MUMBAI — The brothels look brighter, the alleyways are cleaner, and a stirring soundtrack accompanies the protagonists, but a new Bollywood film set in Mumbai’s red-light district has struck a chord with India’s roughly one million sex workers.
“Gangubai Kathiawadi” is a biopic telling the story of a sex worker of the same name who went from being a young trafficking victim to fight for the rights of women working in the trade in the 1950s, a battle still being fought today, Thomson Reuters Foundation reported.
Many sex workers in Kamathipura (Mumbai’s red-light district) and across India say the film starring celebrated actress Alia Bhatt shows rare understanding of their everyday struggles.
“We saw the film carefully, minutely. There have been so many films on women like us, but none that raised these issues,” said Kiran Deshmukh, president of National Network of Sex Workers.
“People believe what they see in Bollywood films.

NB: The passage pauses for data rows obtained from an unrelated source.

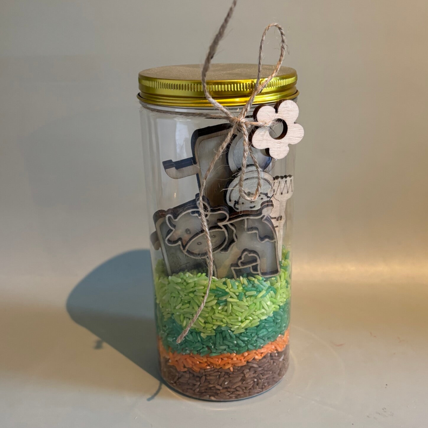 Een complete pot vol met speelplezier. Gekleurde rijst aangepast per thema, de pot bevat:
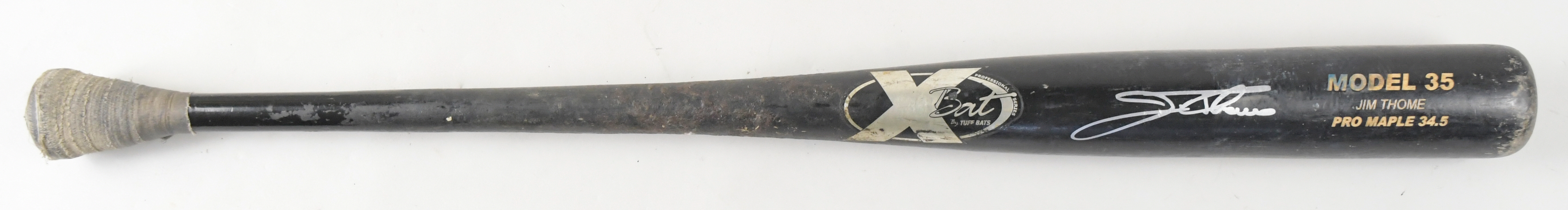 Description:2003-04 Jim Thome autographed professional model baseball bat (PSA/DNA) (EX) X-Bat brand model "35" bat with Thome name block lettered in the barrel measures 34.5" long and weighs 36oz. Uncracked with heavy use including ball/stitch/contact marks which cover the hitting surface. In addition there are cleat marks and the handle has a healthy coat of mota stick. The knob is taped to aid in grip. Signed in silver marker rating 9/10 out of 10. Includes full LOA from PSA/DNA (related to bat) and there is a JSA sticker in the cupped end (related to autograph - note JSA COA is not included): EX ($500-$1,000)
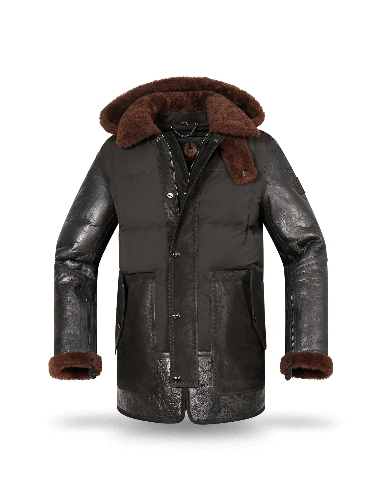 Ideal for bad weather. The Belstaff Alpine Parka is a modern coat for cold weather and is reminiscent of traditional Belstaff models with its leather panels and lambskin collar and hood. The down-filled main section provides sufficient warmth in low temperatures.

And this film has shown that sex work is work and that this work helps us live our lives and feed and raise our children,” Deshmukh told the Thomson Reuters Foundation.

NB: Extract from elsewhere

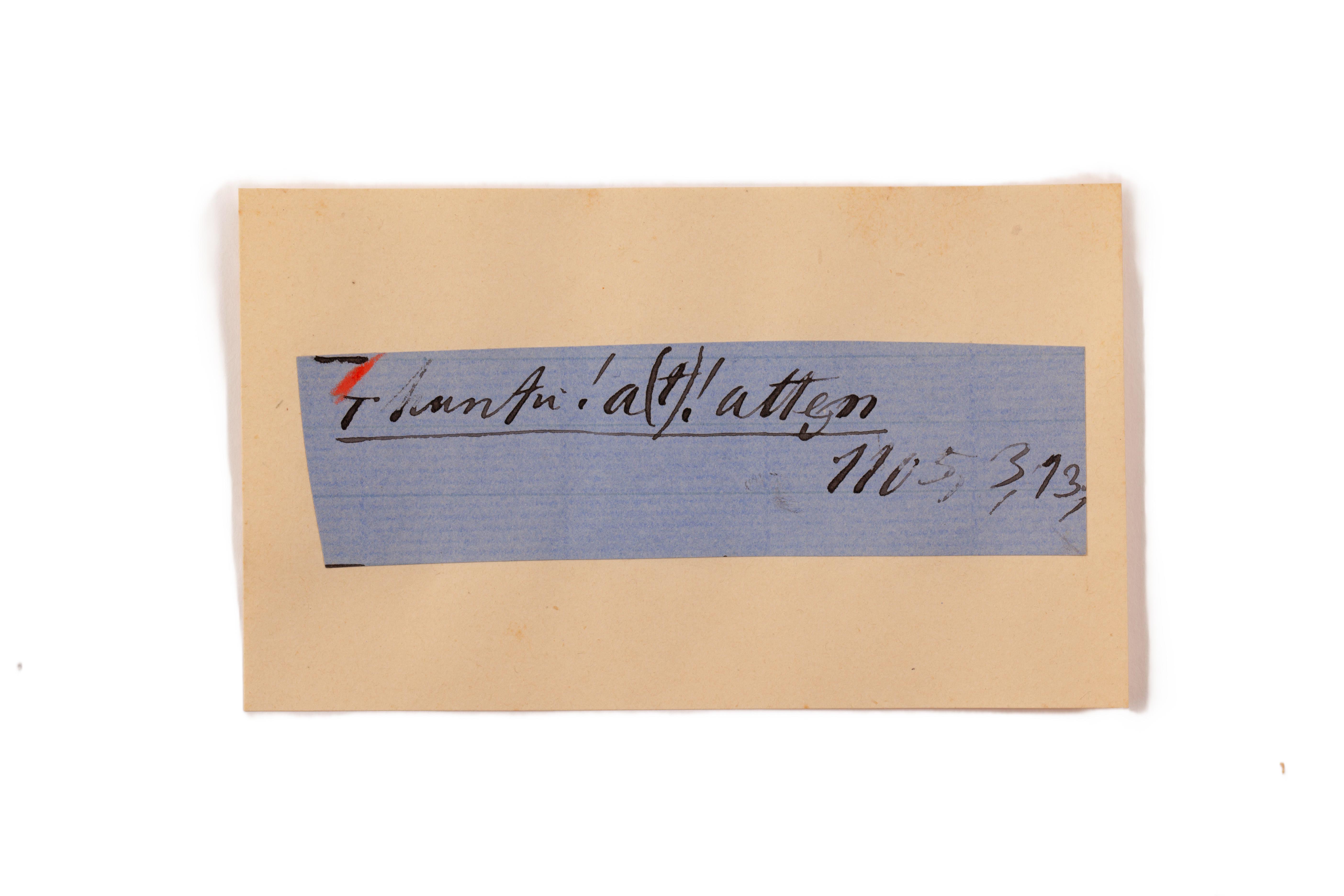 ink on blue paper glued on card

Sex workers are one of India’s most marginalised groups. While prostitution is legal in India, most related activities such as soliciting, pimping and running a brothel are crimes, meaning sex workers face frequent run-ins with the police.

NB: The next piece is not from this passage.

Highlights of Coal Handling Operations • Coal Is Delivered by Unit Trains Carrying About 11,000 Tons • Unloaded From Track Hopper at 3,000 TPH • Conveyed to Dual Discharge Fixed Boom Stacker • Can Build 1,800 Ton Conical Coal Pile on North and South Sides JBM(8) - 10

Most are unable to vote, open bank accounts or access state subsidies for food because they lack the necessary identity documents, and many end up trapped in debt, after taking out loans from unscrupulous private moneylenders.
“We’ve struggled for 30 years to have women of Kamathipura open bank accounts,” said Priti Patkar, founder of Prerana, a nonprofit that works with the children of sex workers, helping them secure school admissions.
But the COVID-19 pandemic has given impetus to calls for sex workers to be recognized as part of India’s vast informal labour force, and the release of “Gangubai Kathiawadi” has coincided with signs of progress.
Last year, the Supreme Court ordered the federal and local governments to start issuing ration and voter cards to sex workers, and in Mumbai, India’s financial capital where the film is set, work is already underway.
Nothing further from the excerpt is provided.